Agradeço o convite para proferir esta conferência inaugural do Ciclo de Conferências que está a ser organizado pela Universidade de Cabo Verde e aproveito para, desde já, saudar os seus os promotores. Felizmente que nos dias que correm desapareceram as pretensões às verdades absolutas e o convite à reflexão pode ser respondido sem obstáculos pelo que apelo, especialmente aos académicos, que adiram à “intimação” para este debate, que pretende tocar, no essencial, a função mesma da Universidade na nossa sociedade.


Reflectir sobre a relação entre Universidade e Sociedade parece-nos especialmente adequado quando, nos dias de hoje, um pouco por todo o mundo, se assiste a uma espécie de desilusão frente às promessas inauguradas pela modernidade, de desenvolvimento e de progresso, e, em consequência, se questiona o papel da Universidade – qual será o papel da Universidade frente às demandas das sociedades contemporâneas?

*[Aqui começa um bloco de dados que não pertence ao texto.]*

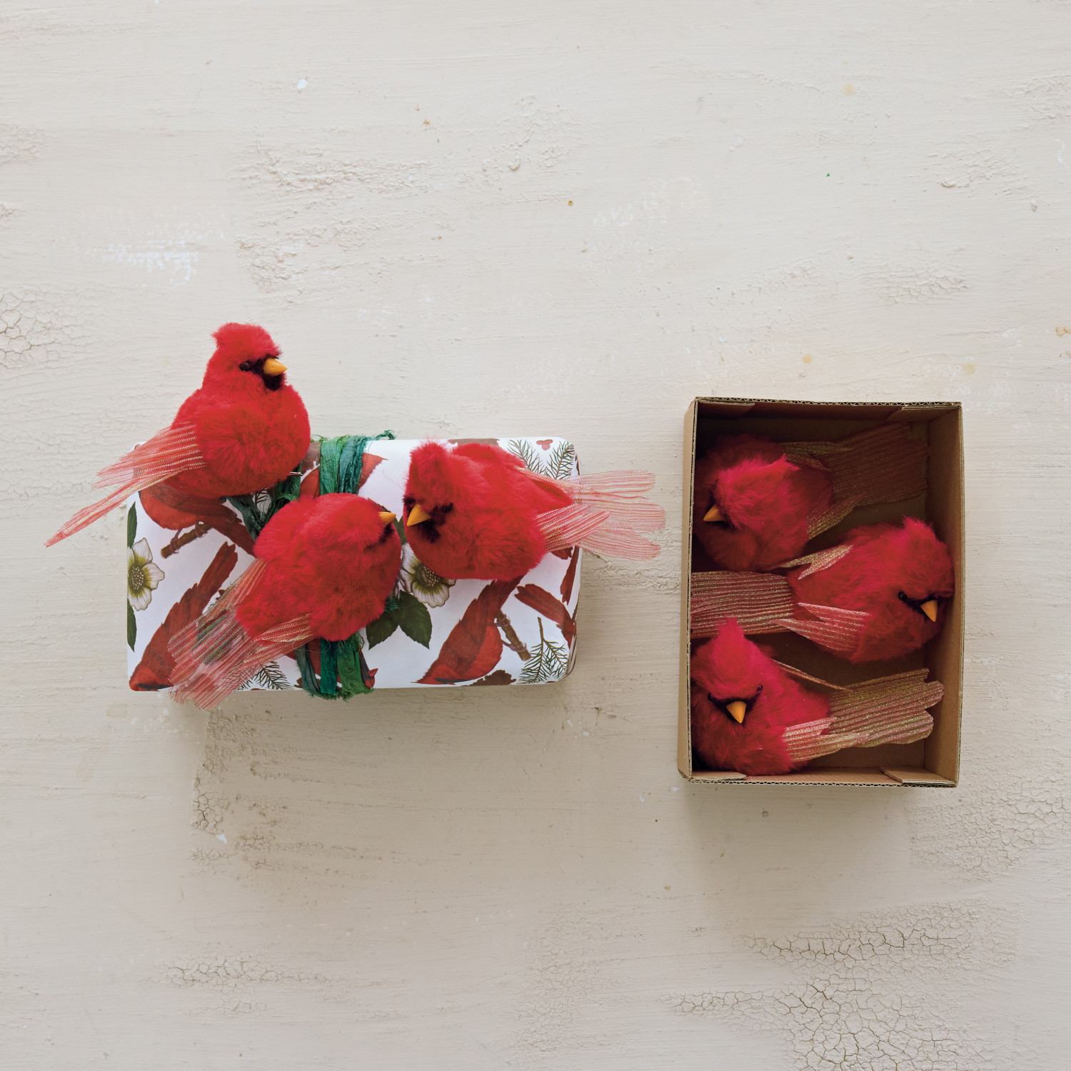 Catalog Name: 5-1/2"L x 4"H Faux Fur & Fabric Cardinal Clip-on Ornaments w/ Glitter, Red, Boxed Set of 3

A minha proposta é concorrer para este debate com algumas notas - não mais do que ideias para discussão - com a certeza de que os temas atinentes à relação entre Universidade e Sociedade poderão ser aprofundados ao longo das sessões que se seguirão.

Minhas Senhoras e meus Senhores,

Num mundo confrontado com alterações cada vez mais aceleradas em diversos domínios relativos à aplicação do conhecimento humano, em que este é cada vez mais um poderoso ingrediente do poder, a gestão da produção, o acesso e a reprodução do conhecimento adquirem, a cada dia que passa, um inestimável valor.

Da nanotecnologia, que pretende, a partir da manipulação atómica e molecular, criar instrumentos com impactos tão importantes quanto diversificados nas condições de vida das pessoas, - que cientistas especulam sobre a possibilidade de, a partir dela, se assegurar a imortalidade da célula -, aos gigantescos progressos na exploração do espaço, a utilização do conhecimento nunca adquiriu tamanha importância como adquire na actualidade.

É provável que nunca a máxima que questiona as verdades absolutas com a afirmação “ tudo é relativo” tenha assumido tanta propriedade. A criação laboratorial da vida parece deixar de ser uma fantasia, as fronteiras entre a vida e a morte deixaram de ser tão certas e definitivas, a hipótese de clonagem humana já não é simples ficção científica.

Tais situações têm desafiado a própria Ética e, com frequência, impõem a problematização de temas que nunca se tinha suscitado ou que o foram em bases bem diferentes, reactualizando debates de grande importância, em torno da eutanásia, por exemplo, e concedendo à bioética uma centralidade apreciável.

Num outro nível, as relações entre as colectividades e entre as nações, permeadas por complexas relações económicas, adquirem configurações antes inimagináveis. As fronteiras nacionais tornam-se cada vez mais voláteis, ao mesmo tempo que continuam a abarcar diversos tipos de nacionalismo, alguns até retrógrados e racistas, e esferas como a cultura e a política mudaram, nos últimos tempos, mais do que o fizeram ao longo de parte importante do século passado.

Estas grandes e permanentes transformações por que passa o mundo fazem-se acompanhar da emergência de fenómenos novos, novasproblemáticas - como a organização do crime à escala planetária, de alguma porosidade nas fronteiras entre determinadas actividades lícitas e ilícitas e de modelos de organização e materialização da violência que impõem uma profunda reflexão acerca das relações entre a liberdade e a segurança; igualmente, permanecem por resolver problemas antigos, como a pobreza e as desigualdades sociais irrazoáveis, que fazem ainda actuais os debates em torno da relação entre liberdade e igualdade.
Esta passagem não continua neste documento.